During these years poems by Apollinaire appeared in various reviews and newspapers. In 1911 he published Le bestiaire où le cortège d’Orphée, poems set by Poulenc seven years later. The woodcuts were by Raoul Dufy, although the poet would have preferred Picasso. He spent some days in prison, bizarrely suspected of being mixed up in the famous theft of Leonardo’s Mona Lisa from the Louvre; as a Russian national he risked deportation from France. (He was an associate of someone who had regularly stolen other artefacts from the museum.) This low point was followed by increasing literary success, although it was lost on nobody that the poet kept questionable company and was a ‘wide boy’ ready to sweep aside with audacity the accepted way of doing things—serving the pizza with a florid gesture, as someone put it, while fixing the lady with a long and languorous look—hardly in the tradition of the impeccably disinterested French waiter.
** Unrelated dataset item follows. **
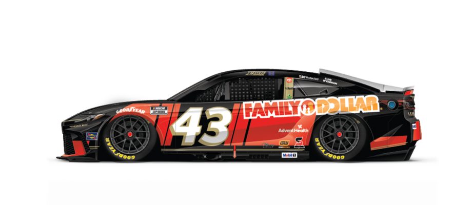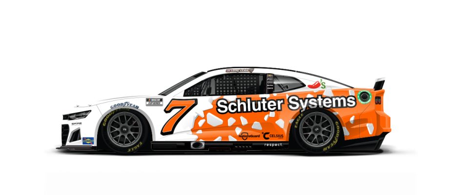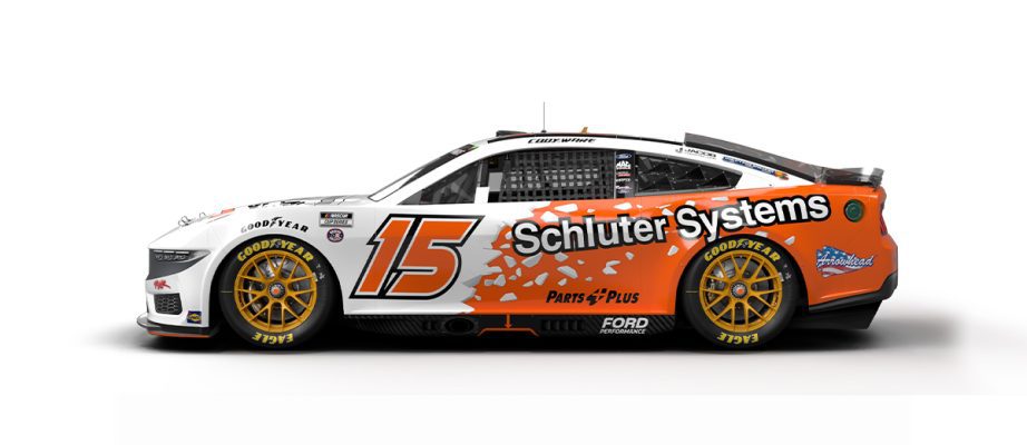 Corey LaJoie #01 Schluter Systems Ford Mustang–New scheme for 2025, black with orange shapes. A

At the same time he sincerely professed himself a dyed-in-the-wool Parisian and patriotic Frenchman precisely because he was neither Parisian nor French; like an Indian-born writer bemoaning the end of the British aristocracy, he revelled in a nostalgia for a vieille France that another side of his nature sought to modernize by any and every means, even if his rampages might result in its destruction.
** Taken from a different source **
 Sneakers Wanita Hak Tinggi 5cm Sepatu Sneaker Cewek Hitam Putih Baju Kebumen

1913 saw the publication of Apollinaire’s most famous collection of poetry, Alcools. On the outbreak of war in 1914 he volunteered immediately but, as a Russian citizen, encountered a barrier of red tape. In September of that year in Nice he met Louise de Coligny-Chatillon (‘Lou’) who temporarily resisted his advances. He then successfully enlisted in the 38th infantry regiment at Nîmes. In December 1914 ‘Lou’ capitulated to the poet in uniform and the couple spent an idyllic week together. On a train journey to Nice-Nîmes in January 1915 Apollinaire met the young Madeleine Pagès to whom he became engaged later in that year. The following Easter he was sent to the front at Champagne; by November 1915 he had been promoted to sub-lieutenant in the 96th regiment and had experienced the horror of the trenches. On 17 March 1916 he suffered a head-wound from shrapnel at Berry-au-Bac and underwent a lengthy convalescence and sub-cranial surgery. The relationship with Madeleine Pagès had petered out. In September his collection of stories, Le poète assassiné was published. Although only thirty-six himself, he had already become the idol of a group of younger men who espoused the literary avant-garde—Breton, Tzara, Reverdy and Cocteau. He wrote the programme note for the Cocteau-Satie ballet Parade in 1917; shortly afterwards his play Les mamelles de Tirésias was performed, the work for which he first formulated the label ‘surrealist’; in 1946 Poulenc was to turn it into an opera, his greatest homage to the poet. During his recuperation from a lung infection the poet met Jacqueline Kolb who became his wife shortly afterwards. The poet, weakened by his illnesses, died of Spanish flu on 9 November 1918.